DESCRIPTION OF THE TASK
Pictures in the data should be dropped; transcribe exactly the lines from the one that has "韓國強制:出境航班使用可持續航空燃料(SAF),從2027年起" through the one that has "Railroad workers share".

INPUT RECORDS Start Marker

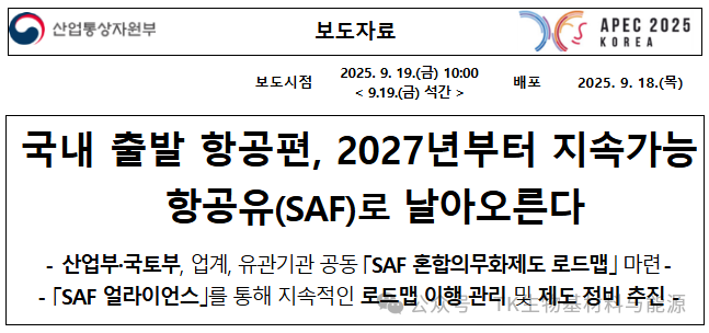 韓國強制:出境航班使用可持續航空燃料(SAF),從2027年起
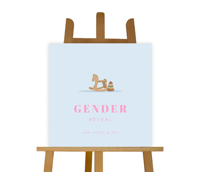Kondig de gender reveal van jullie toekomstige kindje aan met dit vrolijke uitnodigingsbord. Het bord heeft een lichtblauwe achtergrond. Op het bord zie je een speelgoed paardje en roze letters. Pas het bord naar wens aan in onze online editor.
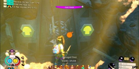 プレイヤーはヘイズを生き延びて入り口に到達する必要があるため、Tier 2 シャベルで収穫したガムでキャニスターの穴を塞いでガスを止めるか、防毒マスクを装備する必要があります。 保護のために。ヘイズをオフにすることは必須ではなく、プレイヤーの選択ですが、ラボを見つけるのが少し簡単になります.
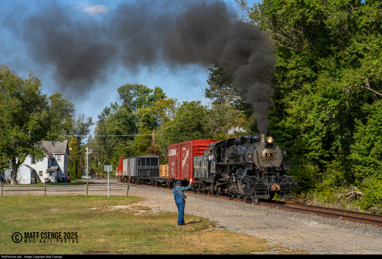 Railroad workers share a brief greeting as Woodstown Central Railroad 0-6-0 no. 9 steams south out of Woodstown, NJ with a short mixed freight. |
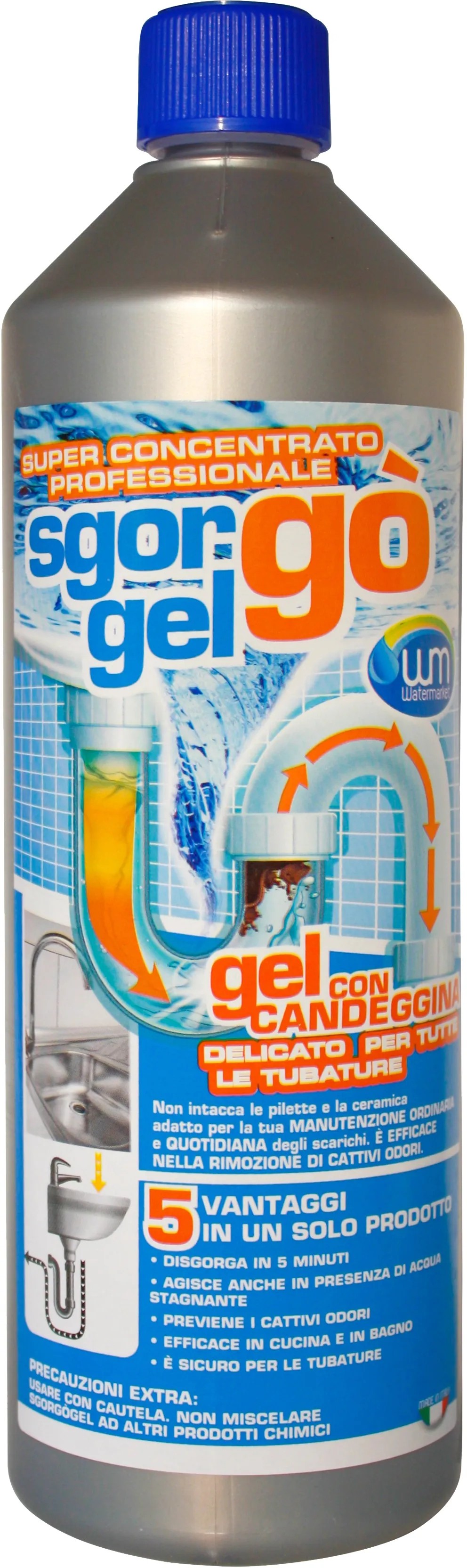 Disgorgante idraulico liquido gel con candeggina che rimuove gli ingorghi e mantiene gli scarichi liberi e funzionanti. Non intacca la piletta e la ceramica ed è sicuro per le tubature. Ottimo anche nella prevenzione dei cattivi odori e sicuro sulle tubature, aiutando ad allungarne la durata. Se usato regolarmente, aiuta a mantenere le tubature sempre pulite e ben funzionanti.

INPUT RECORDS End Marker
INPUT RECORDS Start Marker

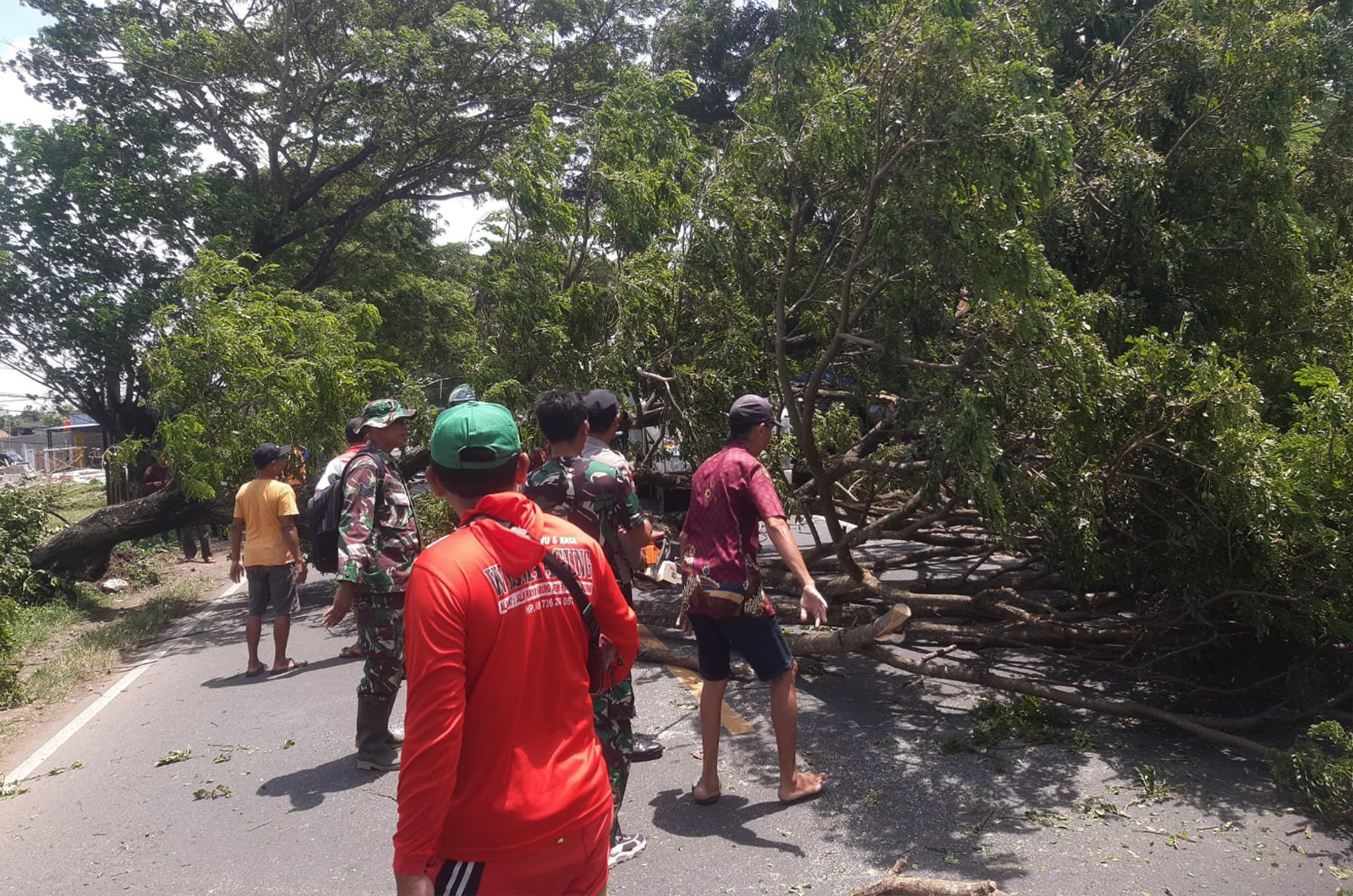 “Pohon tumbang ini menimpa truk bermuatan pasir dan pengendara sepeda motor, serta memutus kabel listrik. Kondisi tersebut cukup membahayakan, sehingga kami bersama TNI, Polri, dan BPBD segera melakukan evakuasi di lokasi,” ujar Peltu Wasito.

INPUT RECORDS End Marker

RESPONSE TO THE TASK
 韓國強制:出境航班使用可持續航空燃料(SAF),從2027年起
Kondig de gender reveal van jullie toekomstige kindje aan met dit vrolijke uitnodigingsbord. Het bord heeft een lichtblauwe achtergrond. Op het bord zie je een speelgoed paardje en roze letters. Pas het bord naar wens aan in onze online editor.
 プレイヤーはヘイズを生き延びて入り口に到達する必要があるため、Tier 2 シャベルで収穫したガムでキャニスターの穴を塞いでガスを止めるか、防毒マスクを装備する必要があります。 保護のために。ヘイズをオフにすることは必須ではなく、プレイヤーの選択ですが、ラボを見つけるのが少し簡単になります.
 Railroad workers share a brief greeting as Woodstown Central Railroad 0-6-0 no. 9 steams south out of Woodstown, NJ with a short mixed freight. |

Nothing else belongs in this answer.